The book is absolutely gorgeous and I know I’ll return to its pages again and again.
Nick Bradley’s novel Four Seasons in Japan is his second book set in Japan, and follows part time translator Flo through a moment of crisis. Flo is from Portland, Oregon, but is living in Tokyo. She works part of the week in an office, part of it as a freelance translator of Japanese literature. She has had success with the translation of a collection of short stories by a respected Japanese author, but has started to have doubts about her abilities, thanks to reading bad reviews of her translation. Her relationship is also at crisis point.
Lee Miller and Surrealism in Britain is a scholarly tome from the team at the Hepworth Wakefield. Written to accompany an exhibition there in 2018, which I didn’t see, it attempts to position the photographer Lee Miller at the heart of the British surrealist movement in the 1930s and 1940s.

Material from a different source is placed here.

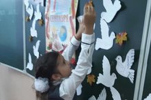 2 сентября в 3В классе (классный руководитель Миннуллина Л.З.) был проведён «Урок мира». Учащиеся вспомнили о понятиях "мир" и "война". Поговорили, почему и сегодня слышны выстрелы в разных уголках планеты и как изменить мир к лучшему. Вырезали голубей и написали свои пожелания мира и добра.

I can’t remember where I first encountered Miller’s photography. It was in an exhibition many years ago. I recall seeing solarised images she had made in collaboration with Man Ray alongside the photographs she took as a war correspondent during and at the end of the Second World War. I bought a postcard of her image ‘Portrait of Space’, depicting a landscape seen through a torn piece of netting with an empty picture frame hovering over the sky, because it made me think of Magritte. I was drawn by the framing and lighting of her images, that borrowed from the world of fashion she had experienced as a model and that also had a theatrical feel to them.